We’ve said it before on this blog and we’ll say it again: no one should have to suffer through sexual harassment in the workplace. And while employer’s can’t monitor or control everything their workers say an do at every given moment, once there is knowledge of sexual harassment in the workplace, the employer has an obligation to put an end to it.
As society becomes increasingly more digital, opportunities for sexual harassment are becoming more frequent. From emails to message boards, employees are now finding themselves the victims of digital sexual harassment, and it’s something many lawyers will say employers should be responsible for stopping.
Businesses and companies are now being encouraged by employment law experts to increase the scope of their technological infrastructure to include the monitoring of digital communications in the workplace. Such systems already exist to track productivity and enforce corporate policies and procedures; introducing a new system that would alert management to potentially offensive communications before they reach the intended recipient could decrease the chances of a hostile work environment down the road.

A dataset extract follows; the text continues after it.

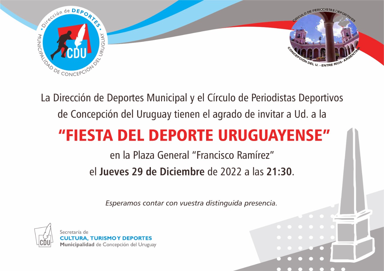 Desde la Dirección de Deportes de la Municipalidad de Concepción del Uruguay y el Círculo de Periodistas Deportivos se ha informado que, el próximo día Jueves 29 de Diciembre, se llevará a cabo la tradicional “Fiesta del Deporte Uruguayense 2022” donde se distinguirán a deportistas destacados en el presente año en 40 disciplinas deportivas.
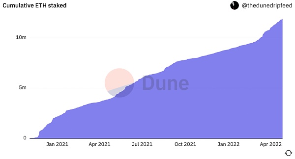 被質押的 ETH 總量從 2021 年一季度的 520 萬增長至 2022 年一季度的 1090 萬,漲幅達 111%。該指標衡量了在以太坊從使用工作量證明 (PoW) 共識機制過渡到權益證明 (PoS) 之前,在信標鏈 (Beacon Chain) 上押注的 ETH 數量。大約 9.2% 的總 ETH 供應量已經被押注在預期的“合并”中。

Many court decisions already seem to support the monitoring of digital communications in the workplace. One of the decisions, made in Blakely v. Continental, Inc., points out that once an employer has knowledge of employee-to-employee digital sexual harassment, the employer has an obligation to take affirmative steps to put a stop to the offensive behavior. By putting even the smallest of systems in place, an employer can not only protect its employees better, but prevent digital sexual harassment from becoming a potential liability risk in the future.